Mounk: When I think about the last 15 or so years, there has been this great arc of hope and disappointment, in democracy in Turkey, but also actually in democracy in other parts of the Muslim world. When Erdoğan was first elected, many people saw him as a figure of hope who would fully democratize this country in part by integrating more devout Muslims more fully into a system from which they were in part excluded. Those hopes have been quite thoroughly dashed. Then a few years later, we got the Arab Spring, with great hopes of democracy in Egypt, Tunisia and elsewhere. But at this point, the last remaining democracy that resulted from the Arab Spring, Tunisia, has become quite firmly authoritarian. I think in the case of Indonesia and Malaysia, you can make a case, but some people have jumped to the conclusion that somehow democracy is incompatible with the Muslim world. 

I assume that you disagree with that. But why has it been so hard for democracies to take root in that part of the world? And how hopeful are you that that might change in the course of the coming decades?

Onar: That is a very sort of broad brush, right? All of these different countries and political systems had their various engagements with democracy and democracy-building over the past decades. There's a couple of things we have to unpack in order to do justice to such a big question. One basket of things I would look at would be things that are kind of specific to the experiences of the Muslim-majority Middle East that you have to take into account when you explain the democratic deficit. And we have to avoid the trap of kind of exceptionalizing the region because a lot of the problems that we're encountering are really examples of just right-wing populism and the illiberal turn, and the way that that voters in European contexts, in North and South American contexts, have also been led down the same sort of path that the folks in Turkey and Tunisia have been led down. We also have to consider a second basket of causes that are kind of more universal. 

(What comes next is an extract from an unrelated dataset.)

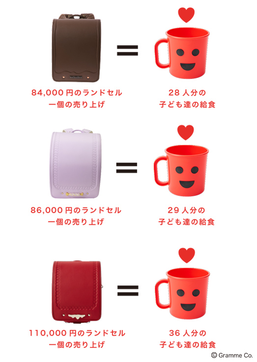 ランドセルを1個お買い上げ頂くごとに、子ども達に給食を届けることが出来ます。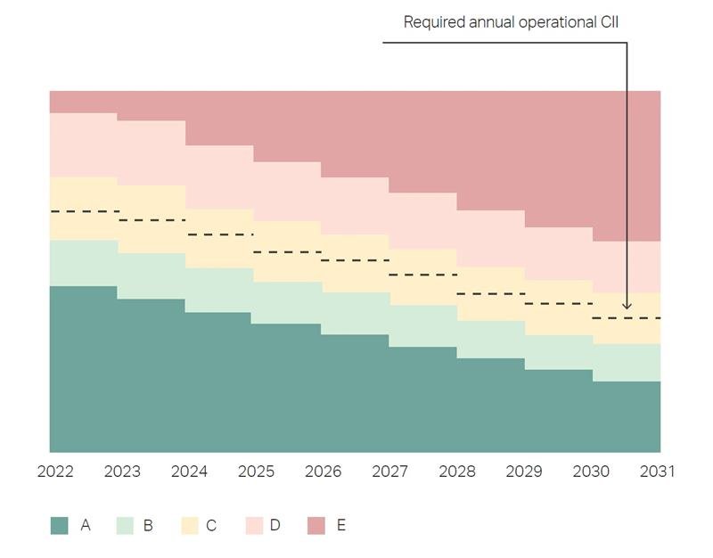 Under the CII, ships fuel consumption and distance traveled are reported each year to the IMO, then converted to a carbon intensity rating from A (lowest intensity) to E (highest intensity). Each year, the CII value required to achieve a certain rating decrease, meaning that the regulation becomes more stringent over time.

On the specific side, people talk about colonial legacies in the region and capitalism impacting the region in kind of uneven ways. One source of the region’s problems has been that Western partners of the region want stability, and strongmen are better at providing stability than, as we've seen, weaker opposition candidates who can bring together a really diverse electoral coalition but can't make it across the final threshold of these presidential elections. There's kind of a default preference that's not mentioned a lot for having stable interlocutors. Preferably from a Western perspective, you want a secular, stable leader to rule the space. But if you can't have that, or if it's a particularly egregious secularist leader, then you are open to a religious strong leader to secure these spaces. So it's a two-way street. We have to read the reasons for the democratic deficit in the context of this long history of quite structurally uneven and problematic relations with the West.